The unit-0 review week gave me a chance to finally tackle a project I’ve been wanting to work on for a while: a Processing sketch of Conway’s Game of Life. Here’s a .gif of the sketch running an R-pentomino visualization:
Conway’s Game of Life is a cellular automaton that was conceived in 1970 by John Conway, a British mathematician. The idea is pretty simple: a two-dimensional space is divided up into a grid of square cells. Each cell has two possible states: live or dead. Each cell is aware of its eight neighbors (the cells which are directly or diagonally adjacent). The game steps forward in generations, and with each new generation:
- Any live cell with less than two live neighbors dies (under-population).

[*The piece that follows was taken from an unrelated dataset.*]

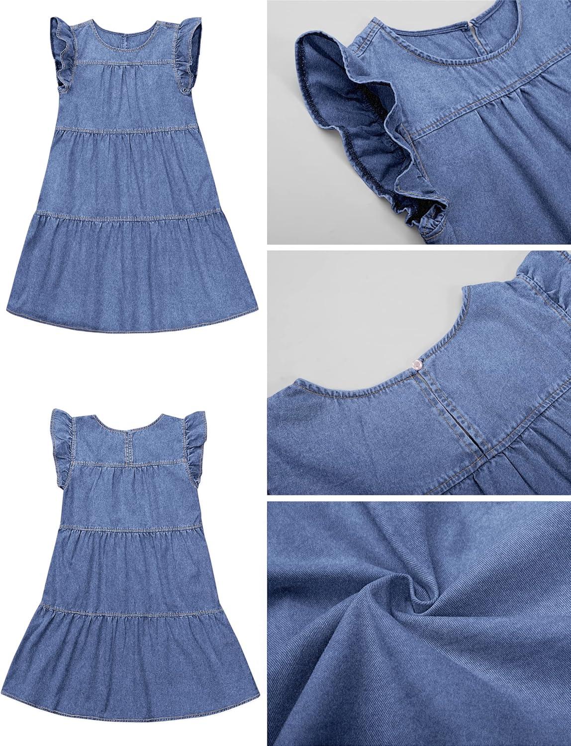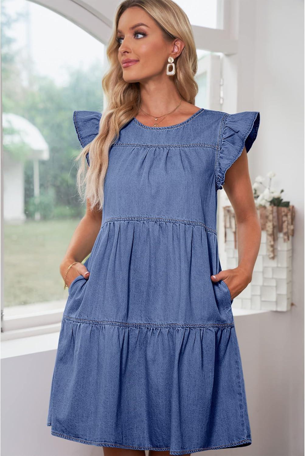 luvamia 2025 Denim Dress for Women Summer Babydoll Sleeveless Ruffle Sleeve Mini Dresses Loose Flowy Swing Pleated Dress(Bay Blue)

- Any live cell with two or three live neighbors lives on.
- Any live cell with more than three live neighbors dies (overcrowding).
- Any dead cell with exactly three live neighbors becomes live.
The game must be populated with a ‘seed’: an initial state of live and dead cells from which subsequent generations can evolve. This is where things get interesting.
Once I figured out code for the game’s logic and got the Processing applet running, I started to explore some of the incredible seed patterns that have been discovered. Patterns are available on the internet as .lif files, which are essentially (x, y) coordinate sets indicating live cells. I wrote a method to parse these files so that I could easily download and try out new patterns.